▸ Instructions for the task
Once you find the line with "- 3ft Extension" in the listing below, set down exactly every line from it through the line with "由岳子航同学介绍的第四段视频", but no pictures.

▸ Given entries
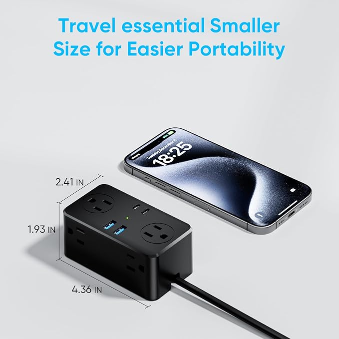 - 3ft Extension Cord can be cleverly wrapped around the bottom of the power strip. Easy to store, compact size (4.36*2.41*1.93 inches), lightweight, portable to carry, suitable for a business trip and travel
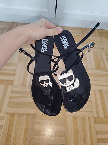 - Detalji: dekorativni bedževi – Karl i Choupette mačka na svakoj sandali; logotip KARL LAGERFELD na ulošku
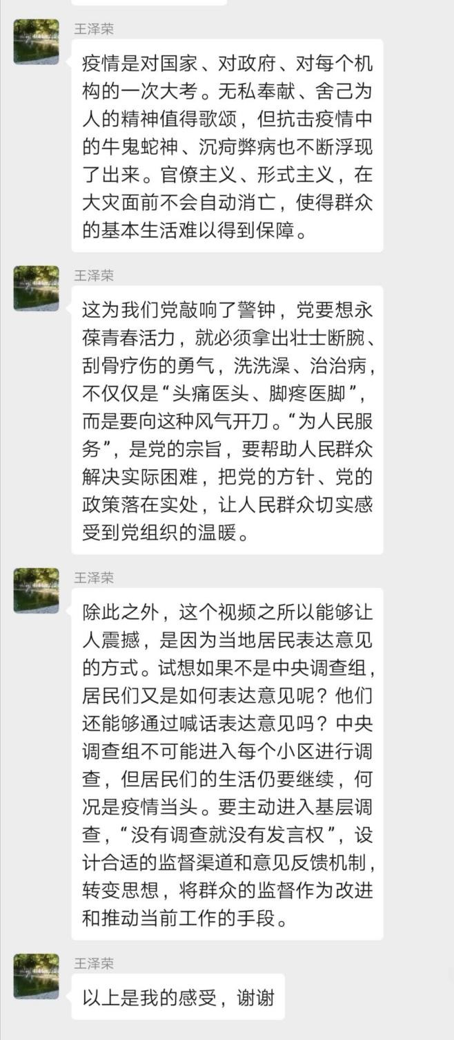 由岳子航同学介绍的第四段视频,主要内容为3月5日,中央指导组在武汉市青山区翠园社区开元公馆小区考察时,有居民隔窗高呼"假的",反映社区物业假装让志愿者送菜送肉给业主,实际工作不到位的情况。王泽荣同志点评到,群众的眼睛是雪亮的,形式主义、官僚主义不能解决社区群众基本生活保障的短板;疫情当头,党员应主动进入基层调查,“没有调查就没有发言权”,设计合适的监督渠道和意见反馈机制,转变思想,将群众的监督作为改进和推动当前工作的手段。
...
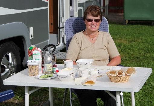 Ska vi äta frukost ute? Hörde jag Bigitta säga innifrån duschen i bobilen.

▸ Written response
 - 3ft Extension Cord can be cleverly wrapped around the bottom of the power strip. Easy to store, compact size (4.36*2.41*1.93 inches), lightweight, portable to carry, suitable for a business trip and travel
 - Detalji: dekorativni bedževi – Karl i Choupette mačka na svakoj sandali; logotip KARL LAGERFELD na ulošku
 由岳子航同学介绍的第四段视频,主要内容为3月5日,中央指导组在武汉市青山区翠园社区开元公馆小区考察时,有居民隔窗高呼"假的",反映社区物业假装让志愿者送菜送肉给业主,实际工作不到位的情况。王泽荣同志点评到,群众的眼睛是雪亮的,形式主义、官僚主义不能解决社区群众基本生活保障的短板;疫情当头,党员应主动进入基层调查,“没有调查就没有发言权”,设计合适的监督渠道和意见反馈机制,转变思想,将群众的监督作为改进和推动当前工作的手段。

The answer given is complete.